[Date Prev][Date Next][Thread Prev][Thread Next][Date Index][Thread Index]

[Condor-users] Dagman lost track of one of it's nodes

I was running a large DAG yesterday (100K nodes, on about 800 worker nodes) After all the jobs finished, the dagman process was still in the queue, but all the nodes were done. A little digging revealed the answer. Dagman thought one node was still running.

From the dagman.out file:
11/19/10 09:48:28 Pending DAG nodes:
11/19/10 09:48:28 Node e111_4805t3-2gmva1, Condor ID 9818391, status STATUS_SUBMITTED

and looking at the user job log:
000 (9818391.000.000) 11/18 18:03:47 Job submitted from host: <[ip removed]:40621> 001 (9818391.000.000) 11/18 18:03:49 Job executing on host: <[ip removed]:37699?CCBID=[ip removed]:9639#6840>
006 (9818391.000.000) 11/18 18:08:57 Image size of job updated: 177728

The job never wrote out status 005 when it exited.

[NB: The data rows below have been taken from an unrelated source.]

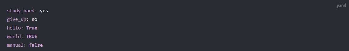 참/거짓은 true, false외에 yes, no를 지원합니다.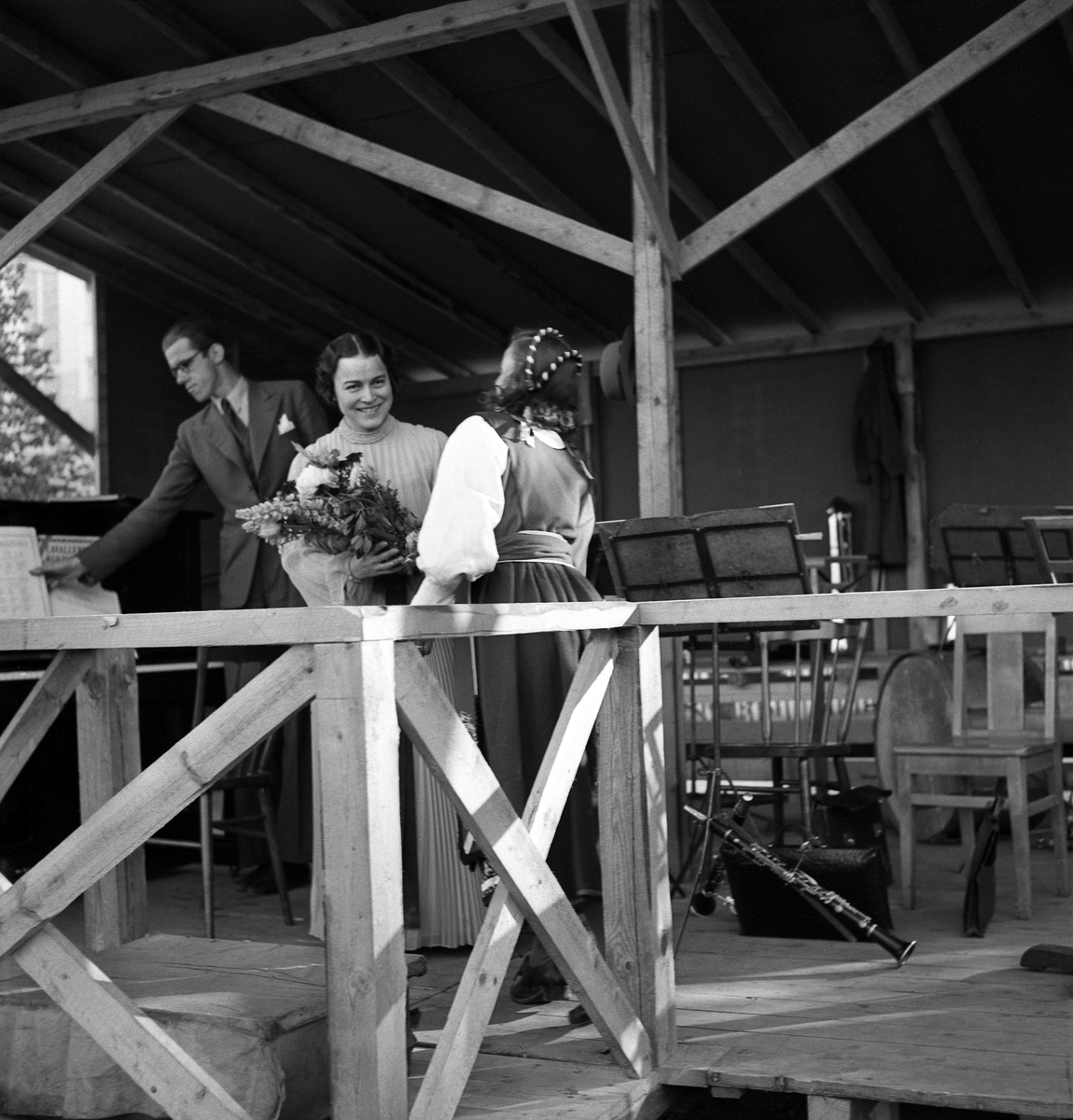 Nykterhetsfolkets dag. En sångerska (?) får blommor av en ung kvinna i Värendsdräkt.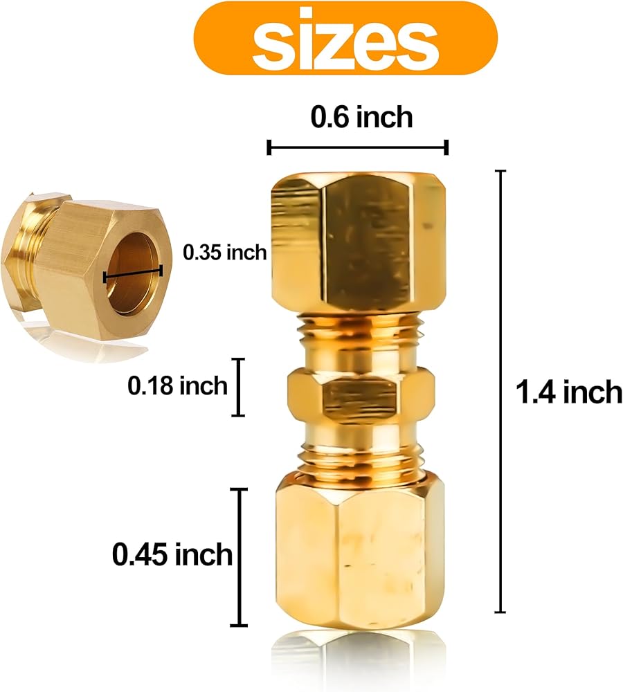 【Compatibility】 Fit 5/16" Tube OD x 5/16" Tube OD.This high-quality brass union works seamlessly with copper, brass, aluminum, or plastic tubing, suitable for most Industrial Use or Trucks Trailers.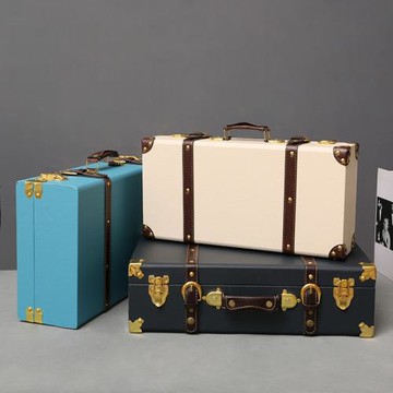民國復古手提箱美式純色懷舊老式仿古行李箱手提攝影道具陳列皮箱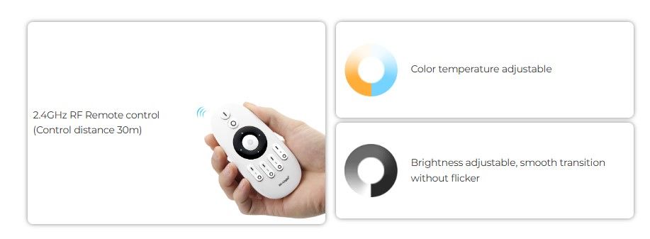 We offer you Synergy 21 LED Controller CCT (2 wires) 2,4G *Milight/Miboxer* always at the best possible price. We can give you a discount of 2% on Synergy 21 LED Controller CCT (2 wires) 2,4G *Milight/Miboxer* if you choose payment in advance on ordering.

But the Schedd saw it exit:

11/18/10 18:03:47 (pid:4586) Starting add_shadow_birthdate(9818391.0)
11/18/10 18:03:47 (pid:4586) Started shadow for job 9818391.0 on machine@xxxxxxxxxxxxx <[ip removed]:37699?CCBID=[ip removed]:9639#6840> for user@xxxxxxxxxxx, (shadow pid = 7471) 11/18/10 18:11:01 (pid:4586) Shadow pid 7471 for job 9818391.0 exited with status 100

11/18/10 18:03:47 Initializing a VANILLA shadow for job 9818391.0
11/18/10 18:03:47 (9818391.0) (7471): Request to run on machine@xxxxxxxxxxxxx <[ip removed]:37699?CCBID=[ip removed]:9639#6840> was ACCEPTED 11/18/10 18:11:01 (9818391.0) (7471): Job 9818391.0 terminated: exited with status 0 11/18/10 18:11:01 (9818391.0) (7471): **** condor_shadow (condor_SHADOW) pid 7471 EXITING WITH STATUS 100

The job wrote out it's stdout,stderr, and other job specific files okay. Why did this job get orphaned?
I've seen similar things happen with other recent jobs.
I'm running Condor 7.5.4. My guy instinct is that it's related to running things over NFS. But it's been just one or two jobs in these 100K node dags that seem to exhibit this behavior, and I haven't really seen any other odd behavior. I don't see anything in the log files that show an error related to writing out the data.